This GCC module includes support for c,c++, fortran, lto, jit, objc, obj-c++ languages, but not ada or go. Let me know if you require ada or go languages. MPI programs are strongly encouraged to use Intel MPI and toolchain. 

Building GCC requires also GMP, MPFR, MPC and ISL libraries. These have been built and set up as new modules as they are responsible for some low-level math APIs and may occasionally come in handy for users building other programs, not just GCC. All have been “make check”ed before installation.

Updating compiler toolchain usually is a good time to upgrade to the most recent binutils 2.30, automake 1.16, make 4.2.1 and the newest cmake 3.10.2. The make module allows to also run build jobs with SLURM on compute nodes. 

Please make sure you load the cmake module explicitly with the 3.10.2 version as otherwise the older cmake module is loaded due to the alphanumeric sorting of the version numbers.
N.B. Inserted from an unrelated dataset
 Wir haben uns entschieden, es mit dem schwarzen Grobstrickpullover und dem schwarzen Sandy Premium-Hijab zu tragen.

The same way as the previous cmake module, the new one depends on the GNU compiler toolchain (7.3.0 in this case) and also curl, zlib and brotli. 

Valgrind 3.13.0

The most recent valgrind release has been built using GCC 7.3.0 and is available with:

module load valgrind/3.13.0

HDF5 1.8.20 and HDF5 1.10.2 built using Intel 2018.1

For those wishing to use a highly optimized build of long-term stable version of HDF5 1.8.20 (November 28, 2017) has been built with the Intel 2018.1 toolchain and is available as hdf5/1.8.20/intel/parallel or hdf5/1.8.20/intel/serial module.
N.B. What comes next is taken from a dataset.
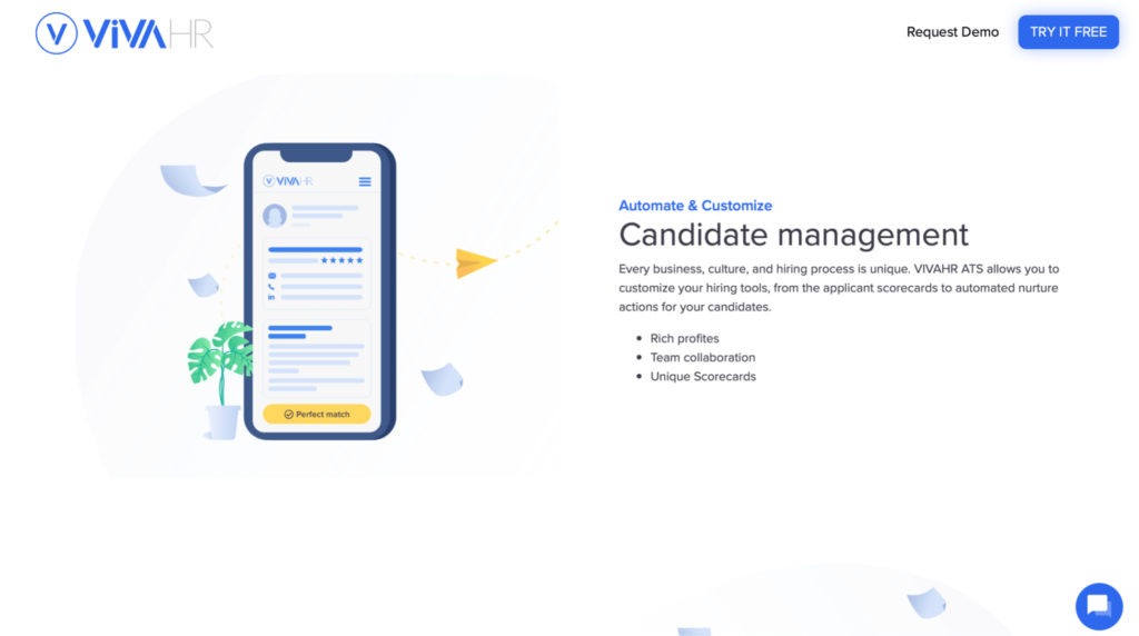 W zależności od wielkości firmy możesz skorzystać z kompleksowego rozwiązania HR. Korzystnie VIVAHR oferuje mieszankę funkcji śledzenia kandydatów i zasobów ludzkich, które zwykle zaspokajają bardziej duże modele biznesowe.

Since HDF5 can only be built with Intel 2018.1 starting from version 1.10.2, it has been added to modules only recently (April 2018). The build is heavily performance optimized and has also passed all make checks. MPI users will need to add this to their modules to use it:

# MPI users need this 
module load hdf5/1.10.2/intel/parallel/parallel
# OpenMP and all other non-MPI users need this
module load hdf5/1.10.2/intel/parallel/serial

NetCDF-C 4.6.1 built using Intel 2018.1

The most recent NetCDF-C release from March 20, 2018, is available as a serial and parallel build in these modules:

# MPI users need to load these modules
module load hdf5/1.10.2/intel/parallel
module load netcdf-c/4.6.1/intel/parallel
# OpenMP and all other non-MPI users need these modules
module load hdf5/1.10.2/intel/serial
module load netcdf-c/4.6.1/intel/serial

GAMS 25.0.2  

The newest version of GAMS from Janury 31 2018 release is installed and available as

module load gams/25.0.2

PROJ 5.0.1

After more than 25 years the project that formerly was known as PROJ4 has reached a next major release. While the first release was notorious for failing tests, the first fix release passes all tests and has been built with the native instruction sets for our cluster on GCC 7.3.0. All newest datum-grids are included in this module. 

module load proj4/5.0.1

GDAL 2.2.4 performance optimized build

The most recently available version of gdal has been built using Intel toolchain with full architecture optimizations, Interprocedural optimizations, Intel MKL, libm and OpenMP. In addition to previous builds on our cluster, Intel HDF5 and recent versions of most other libraries have been used for this build:

module load gdal/2.2.4

Loading this module will also load Intel and curl modules as dependencies.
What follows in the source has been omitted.